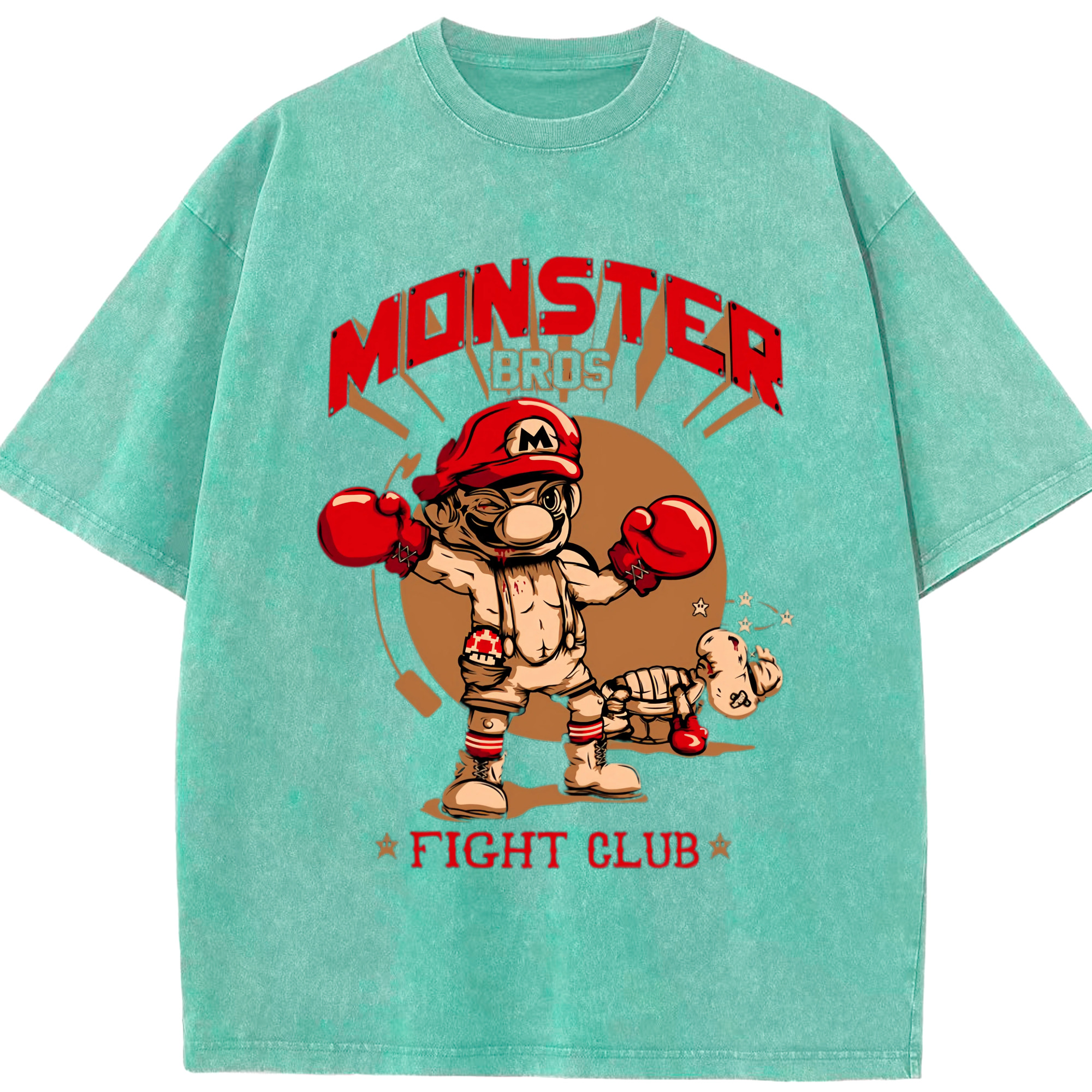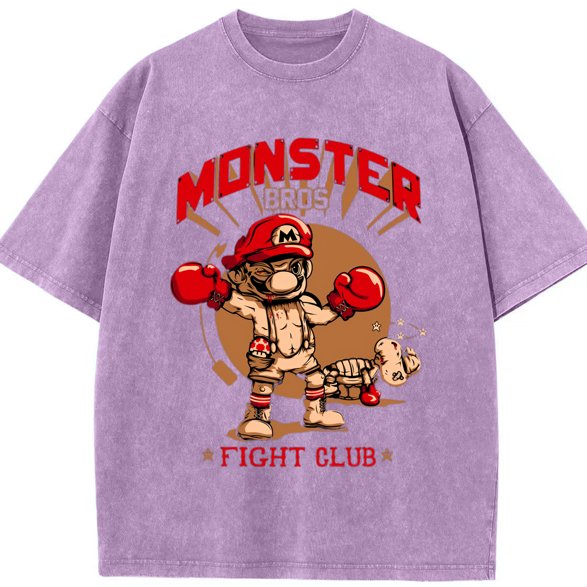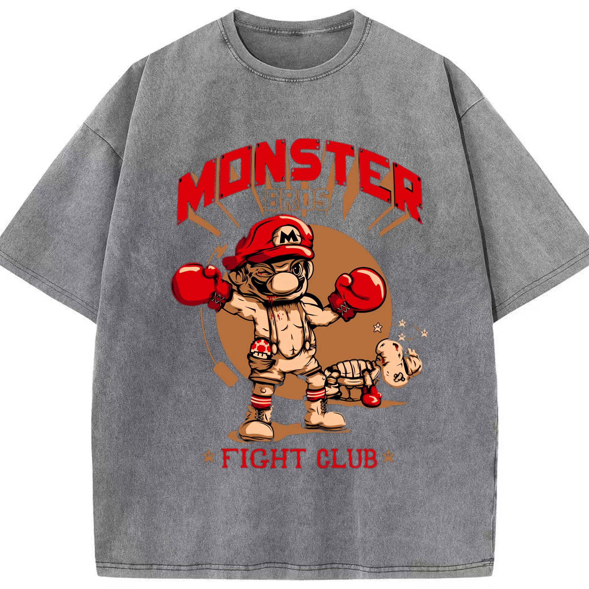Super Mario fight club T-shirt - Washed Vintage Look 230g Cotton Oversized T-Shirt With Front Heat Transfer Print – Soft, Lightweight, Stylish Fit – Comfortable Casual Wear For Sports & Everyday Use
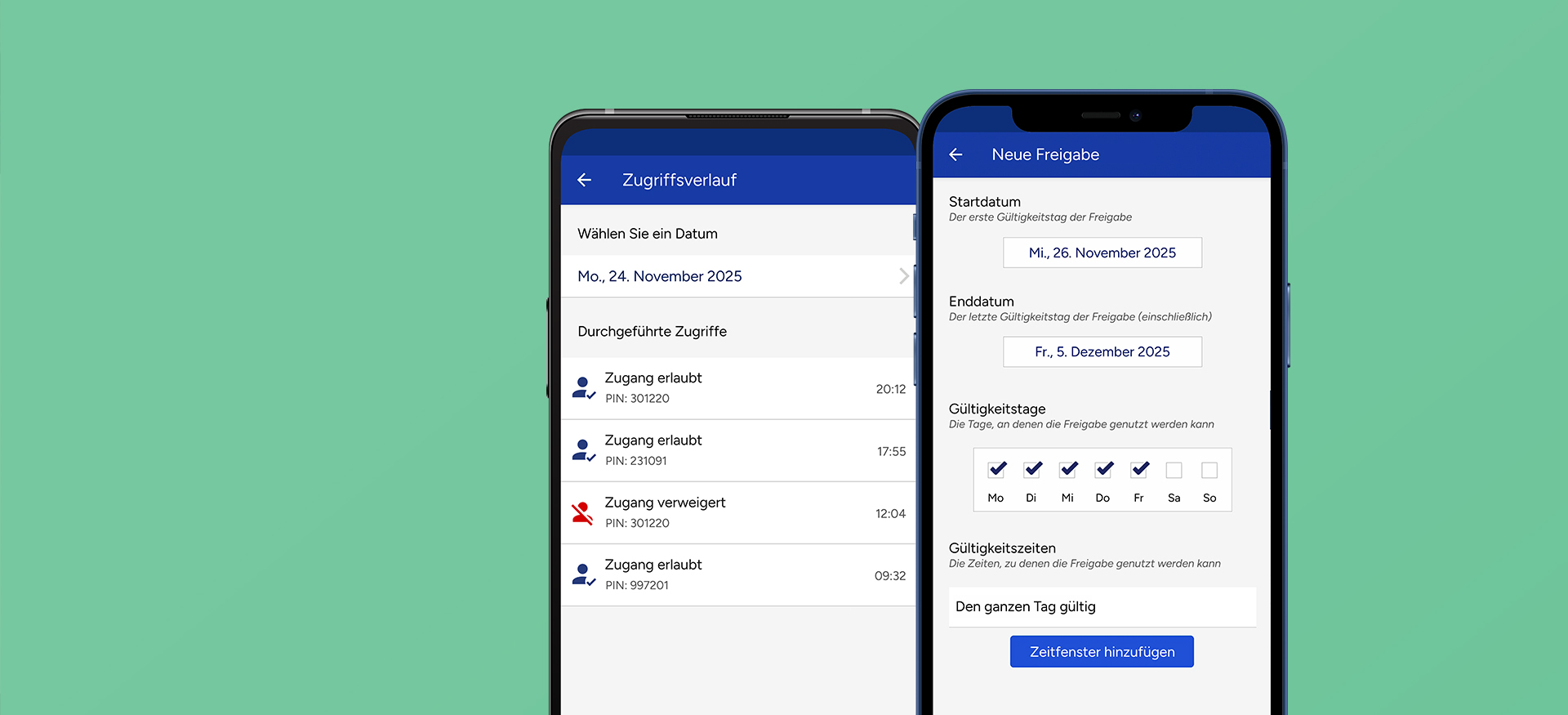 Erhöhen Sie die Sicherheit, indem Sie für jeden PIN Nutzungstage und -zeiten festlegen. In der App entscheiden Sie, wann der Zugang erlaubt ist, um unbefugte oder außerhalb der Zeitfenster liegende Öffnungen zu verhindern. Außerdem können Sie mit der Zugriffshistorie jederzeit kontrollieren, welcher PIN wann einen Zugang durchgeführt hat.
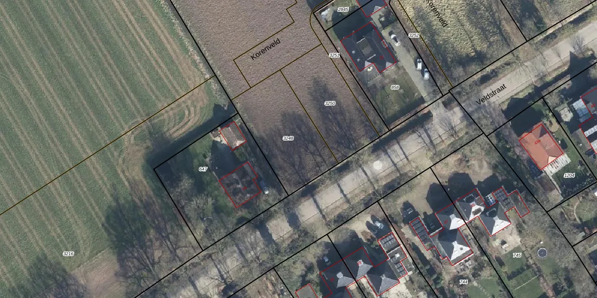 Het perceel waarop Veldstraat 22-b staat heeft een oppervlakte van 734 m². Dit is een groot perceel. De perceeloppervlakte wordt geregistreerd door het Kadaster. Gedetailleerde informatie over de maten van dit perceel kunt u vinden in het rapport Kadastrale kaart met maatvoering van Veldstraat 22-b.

_ _ _

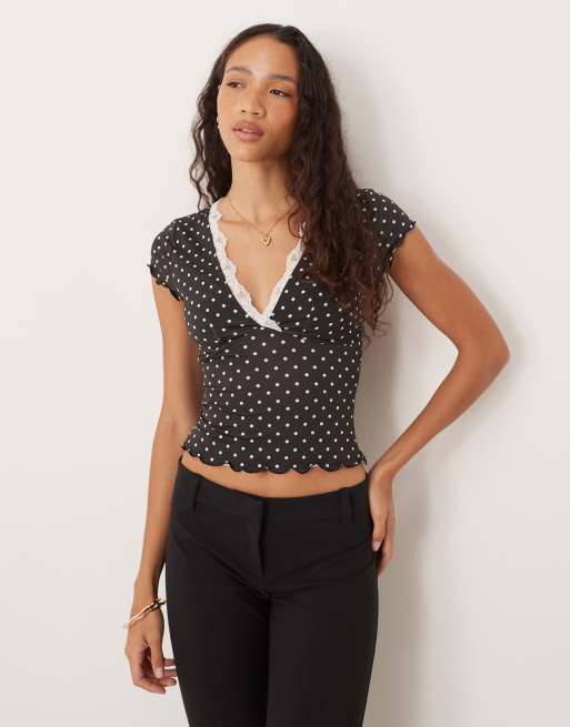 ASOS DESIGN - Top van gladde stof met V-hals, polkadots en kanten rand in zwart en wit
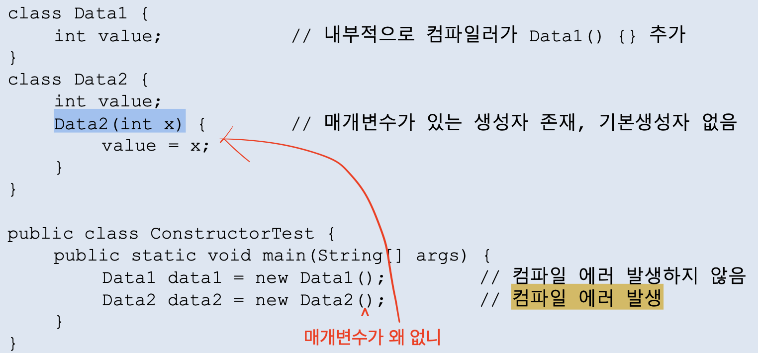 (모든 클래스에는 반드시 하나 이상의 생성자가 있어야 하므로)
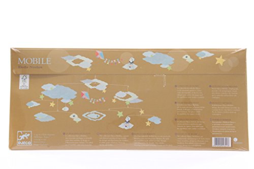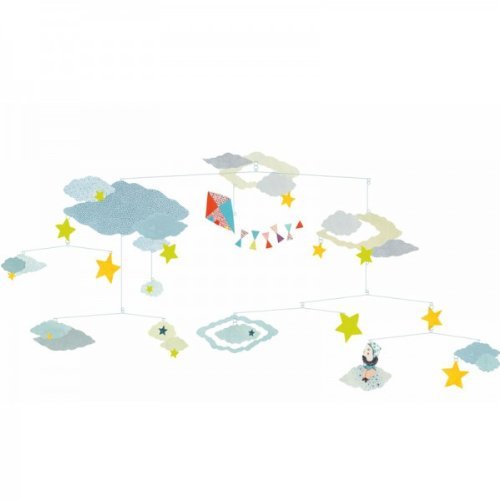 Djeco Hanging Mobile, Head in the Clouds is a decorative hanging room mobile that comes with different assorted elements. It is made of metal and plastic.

_ _ _

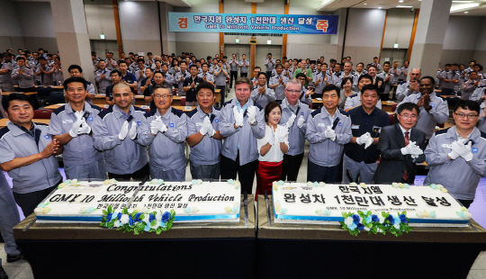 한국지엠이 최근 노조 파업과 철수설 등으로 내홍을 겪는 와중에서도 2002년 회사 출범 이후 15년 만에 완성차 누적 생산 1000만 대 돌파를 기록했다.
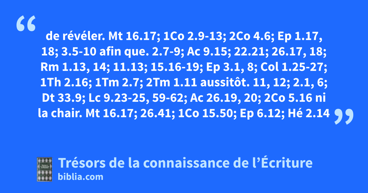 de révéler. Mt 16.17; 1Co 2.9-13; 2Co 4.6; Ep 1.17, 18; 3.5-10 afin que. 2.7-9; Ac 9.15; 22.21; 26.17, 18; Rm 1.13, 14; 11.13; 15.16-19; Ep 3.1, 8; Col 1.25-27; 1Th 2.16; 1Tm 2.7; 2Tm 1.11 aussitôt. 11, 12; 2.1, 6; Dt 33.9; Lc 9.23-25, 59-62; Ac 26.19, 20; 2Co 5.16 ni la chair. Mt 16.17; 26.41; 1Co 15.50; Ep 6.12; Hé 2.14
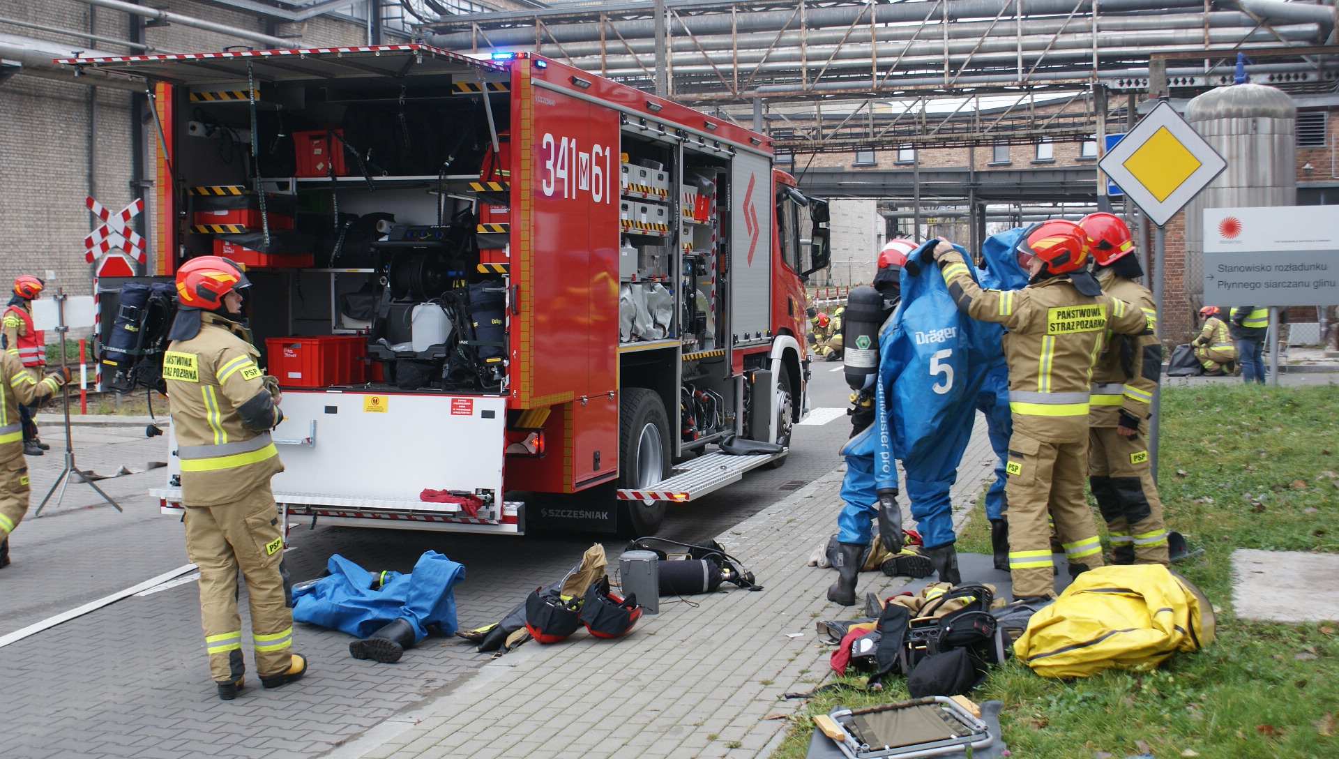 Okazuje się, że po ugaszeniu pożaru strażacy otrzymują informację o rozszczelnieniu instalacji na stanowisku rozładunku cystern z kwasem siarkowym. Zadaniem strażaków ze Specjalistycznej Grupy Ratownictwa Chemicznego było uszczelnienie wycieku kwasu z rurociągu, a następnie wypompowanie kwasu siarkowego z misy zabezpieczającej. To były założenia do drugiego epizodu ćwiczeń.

_ _ _

Task instructions
From the data above, return only the lines starting at the line that holds "de révéler. Mt" and ending at the line that holds "Okazuje się, że", word for word and without pictures.

Task output
 de révéler. Mt 16.17; 1Co 2.9-13; 2Co 4.6; Ep 1.17, 18; 3.5-10 afin que. 2.7-9; Ac 9.15; 22.21; 26.17, 18; Rm 1.13, 14; 11.13; 15.16-19; Ep 3.1, 8; Col 1.25-27; 1Th 2.16; 1Tm 2.7; 2Tm 1.11 aussitôt. 11, 12; 2.1, 6; Dt 33.9; Lc 9.23-25, 59-62; Ac 26.19, 20; 2Co 5.16 ni la chair. Mt 16.17; 26.41; 1Co 15.50; Ep 6.12; Hé 2.14
 Okazuje się, że po ugaszeniu pożaru strażacy otrzymują informację o rozszczelnieniu instalacji na stanowisku rozładunku cystern z kwasem siarkowym. Zadaniem strażaków ze Specjalistycznej Grupy Ratownictwa Chemicznego było uszczelnienie wycieku kwasu z rurociągu, a następnie wypompowanie kwasu siarkowego z misy zabezpieczającej. To były założenia do drugiego epizodu ćwiczeń.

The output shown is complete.